*EXERCISE AIM:* Down to the last line, restate the records below word for word, dropping every image.

*DATA RECORDS:*

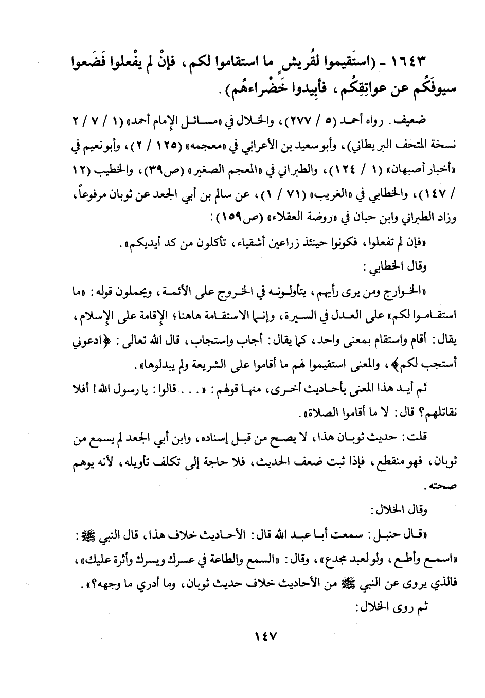 قلت: حديث ثوبان هذا، لا يصح من قبل إسناده، وابن أبي الجعد لم يسمع من ثوبان، فهو منقطع، فإذا ثبت ضعف الحديث، فلا حاجة إلى تكلف تأويله، لأنه يوهم صحته. وقال الخلال: " قال حنبل: سمعت أبا عبد الله قال: الأحاديث خلاف هذا، قال النبي صلى الله عليه وسلم: " اسمع وأطع، ولولعبد مجدع "، وقال: " السمع والطاعة في عسرك ويسرك وأثرة عليك "، فالذي يروى عن النبي صلى الله عليه وسلم من الأحاديث خلاف حديث ثوبان، وما أدري ما وجهه؟ ". ثم روى الخلال:
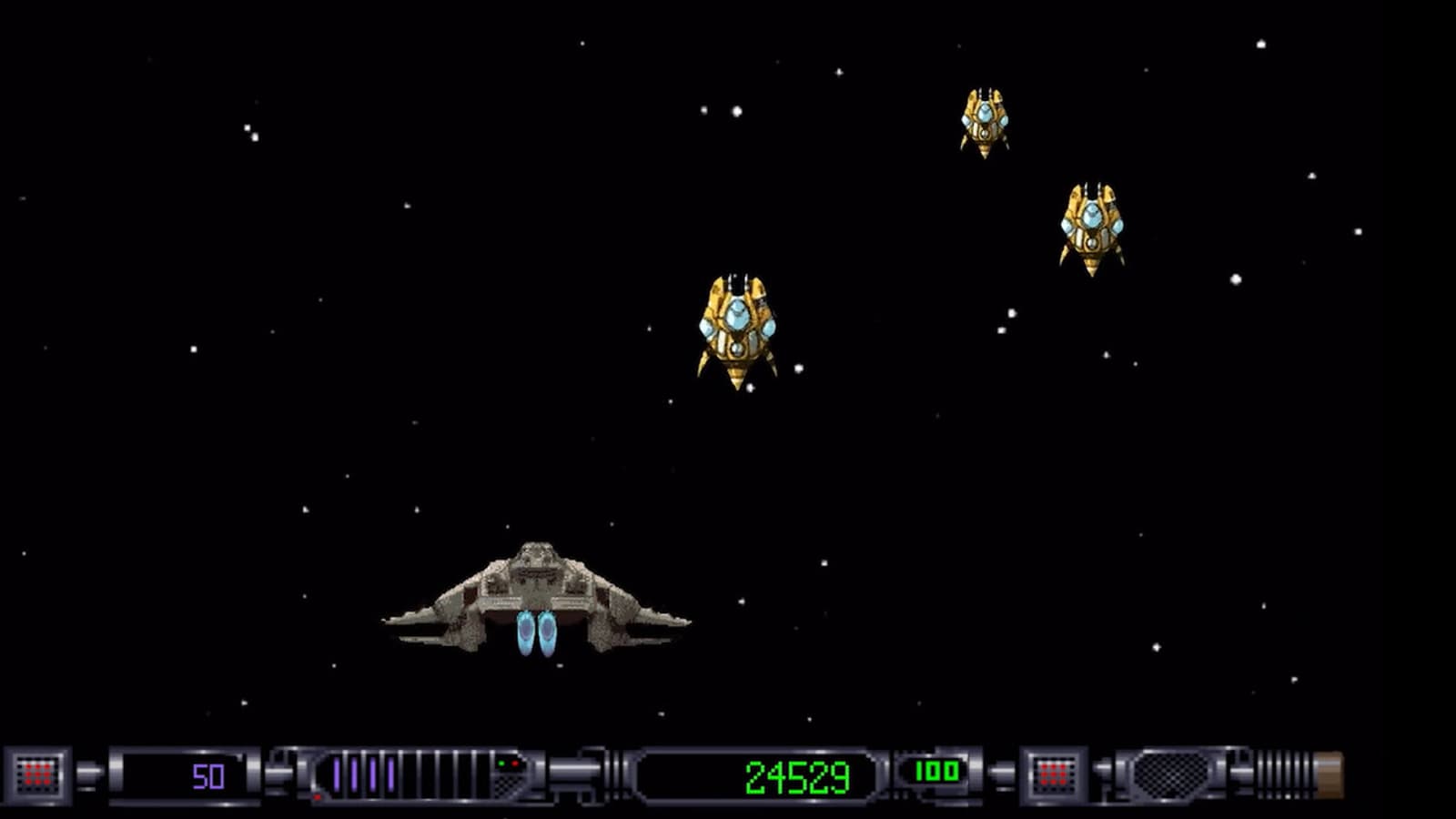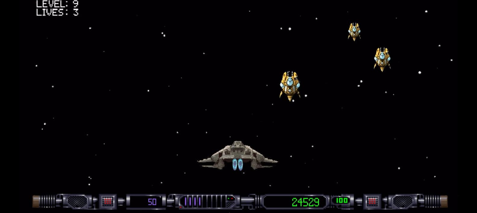 В ролике нам показывают двухмерную аркадную игру, в которой космический корабль уничтожает противников. В какой-то момент счётчик в левом нижнем угла достигает отметки 90 и действие переносится уже в трёхмерное окружение.
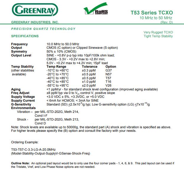 更多>>GREENRAY晶振,T53系列晶振,5032溫補(bǔ)晶振
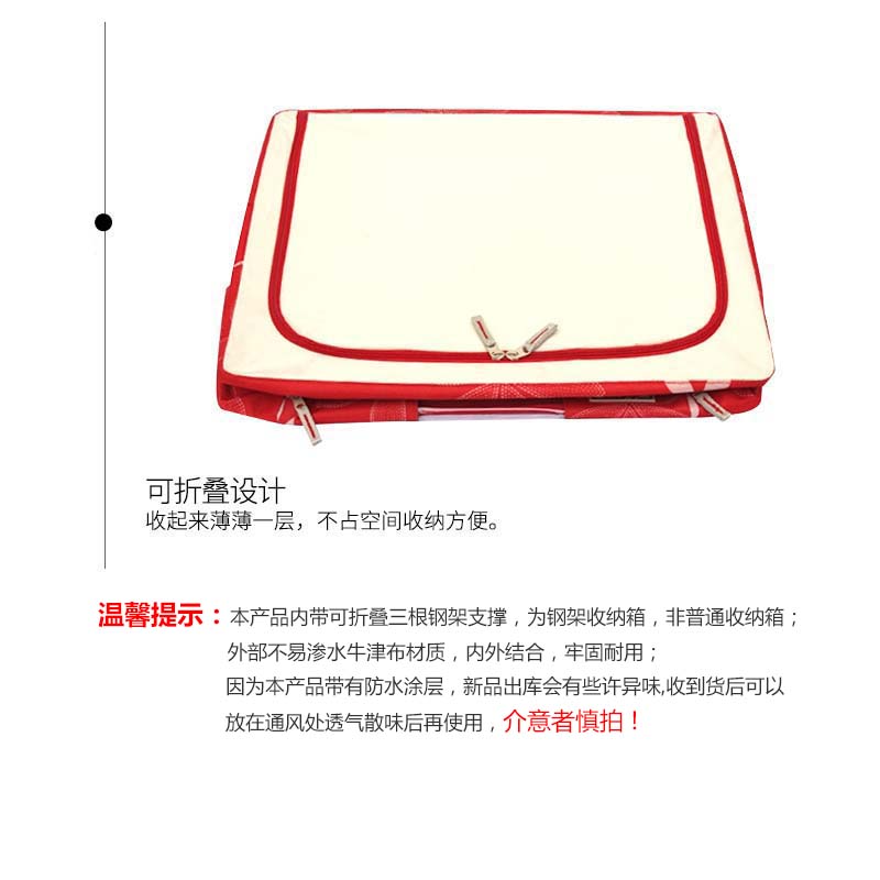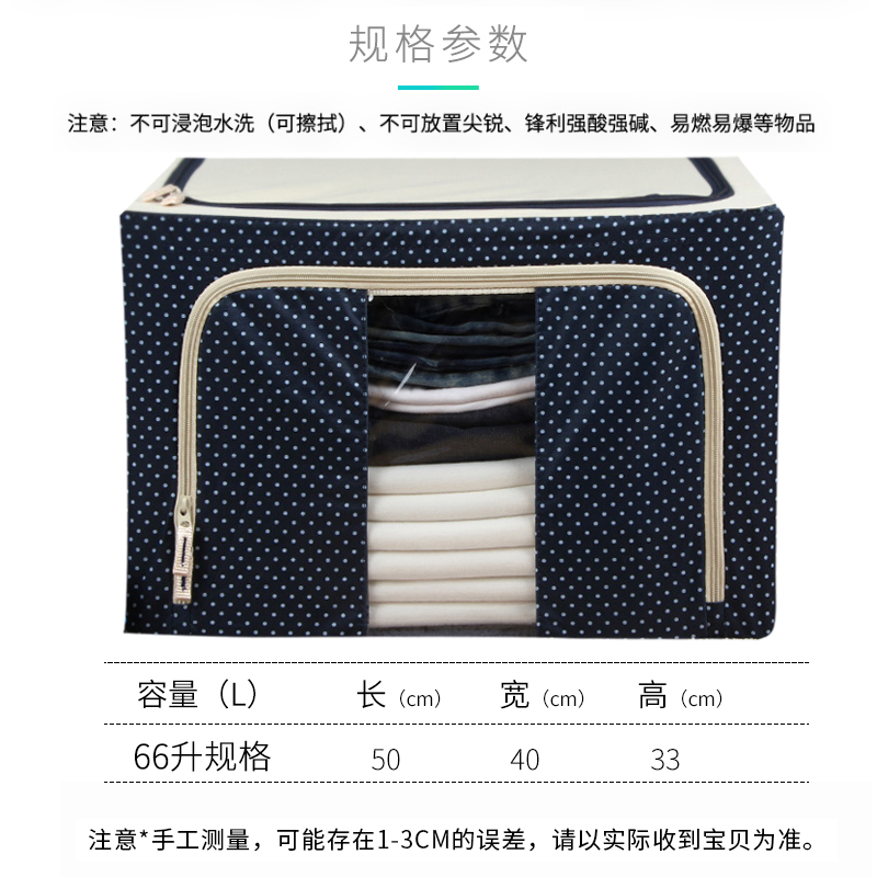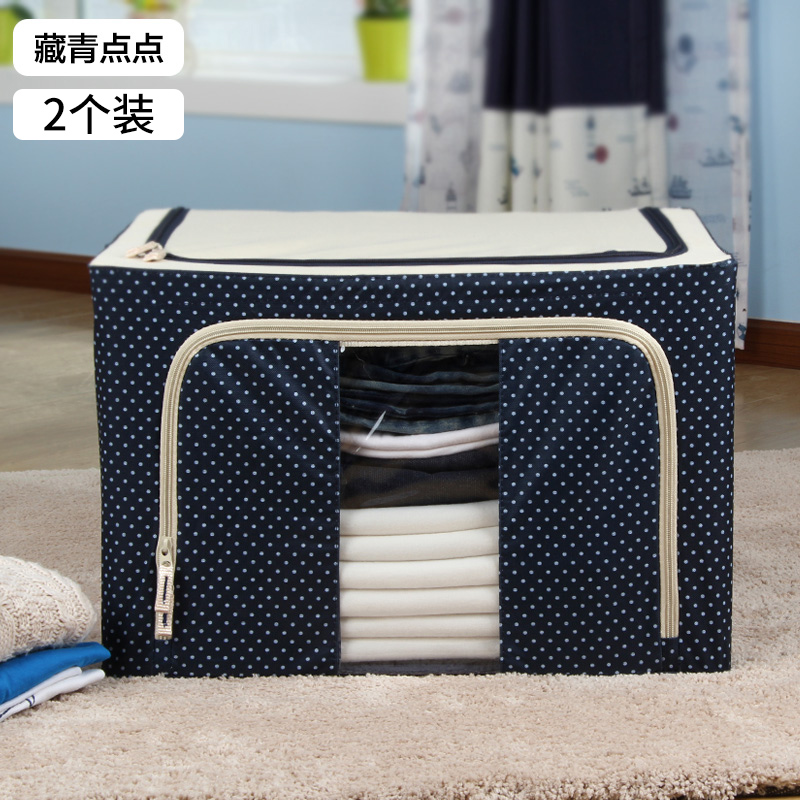 带钢架牛津布收纳箱2个【牛津布+三钢架/藏青色点点】
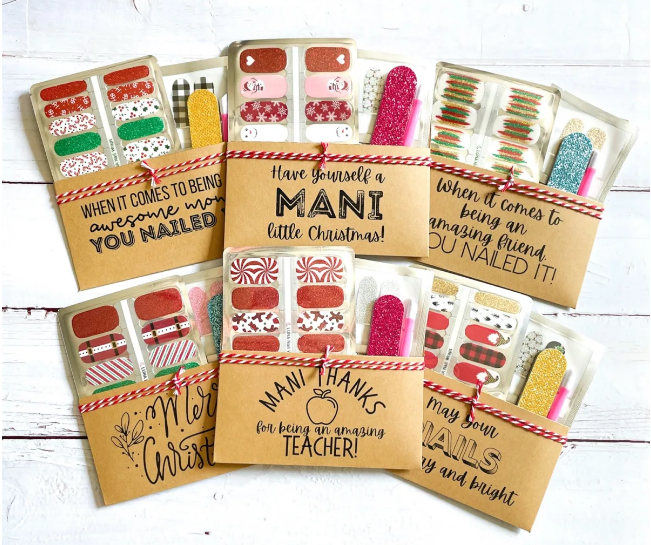 These will make excellent friend and teacher gifts! They include color-coordinating accent nail wraps, the newly released 3-in-1 Cuticle tool, a red glitter nail file, and alcohol wipes, all cutely bundled in a holiday-themed sleeve. Choose from more than 30 designs!
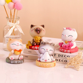 国潮盲盒摆件喵公仔创意潮玩手办汽车内饰桌面蛋糕装饰...
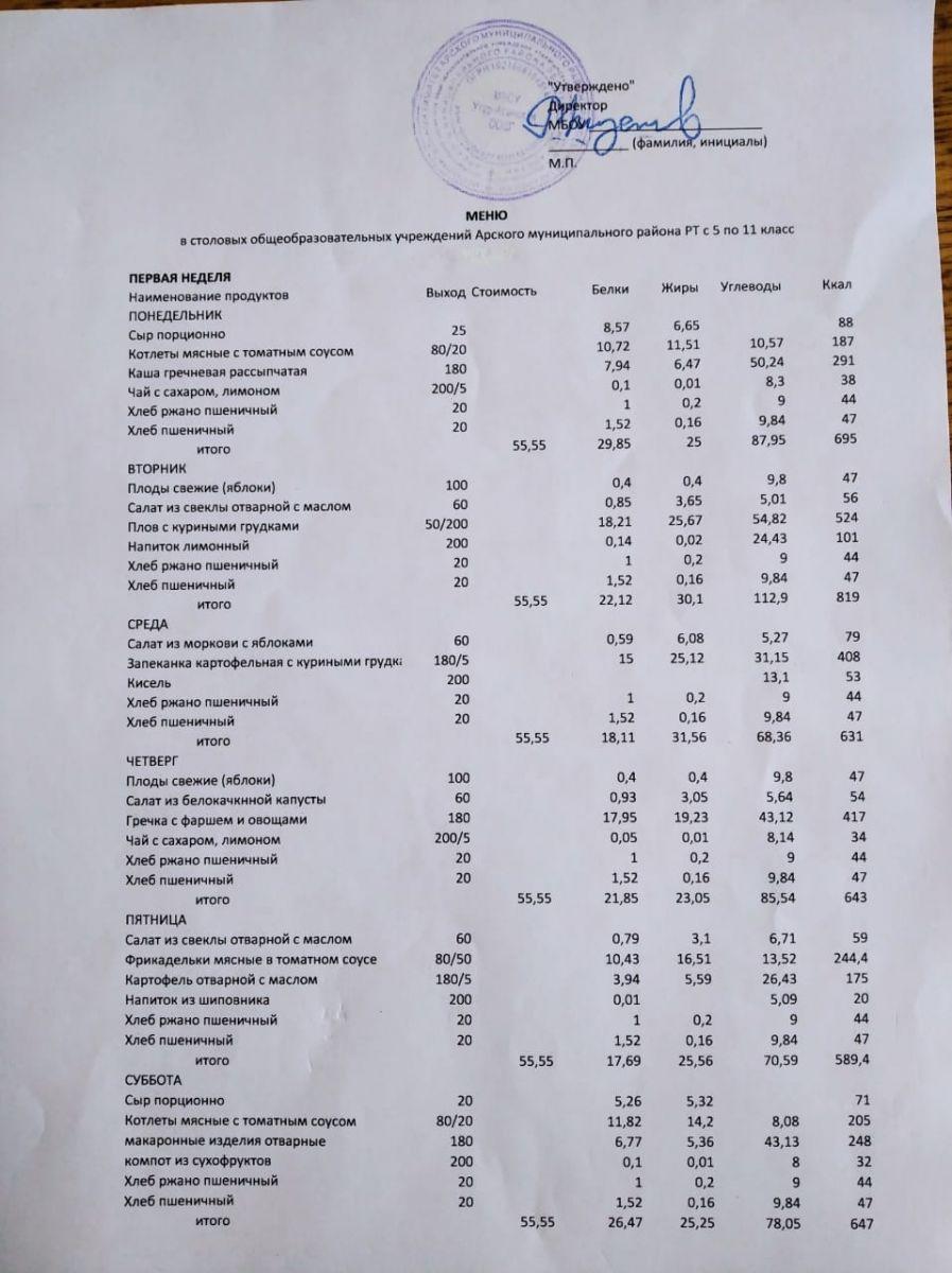 меню 5-9 классы 1 неделя 2 неделя

*SOLUTION BELOW:*
 قلت: حديث ثوبان هذا، لا يصح من قبل إسناده، وابن أبي الجعد لم يسمع من ثوبان، فهو منقطع، فإذا ثبت ضعف الحديث، فلا حاجة إلى تكلف تأويله، لأنه يوهم صحته. وقال الخلال: " قال حنبل: سمعت أبا عبد الله قال: الأحاديث خلاف هذا، قال النبي صلى الله عليه وسلم: " اسمع وأطع، ولولعبد مجدع "، وقال: " السمع والطاعة في عسرك ويسرك وأثرة عليك "، فالذي يروى عن النبي صلى الله عليه وسلم من الأحاديث خلاف حديث ثوبان، وما أدري ما وجهه؟ ". ثم روى الخلال:
 В ролике нам показывают двухмерную аркадную игру, в которой космический корабль уничтожает противников. В какой-то момент счётчик в левом нижнем угла достигает отметки 90 и действие переносится уже в трёхмерное окружение.
 更多>>GREENRAY晶振,T53系列晶振,5032溫補(bǔ)晶振
 带钢架牛津布收纳箱2个【牛津布+三钢架/藏青色点点】
 These will make excellent friend and teacher gifts! They include color-coordinating accent nail wraps, the newly released 3-in-1 Cuticle tool, a red glitter nail file, and alcohol wipes, all cutely bundled in a holiday-themed sleeve. Choose from more than 30 designs!
 国潮盲盒摆件喵公仔创意潮玩手办汽车内饰桌面蛋糕装饰...
 меню 5-9 классы 1 неделя 2 неделя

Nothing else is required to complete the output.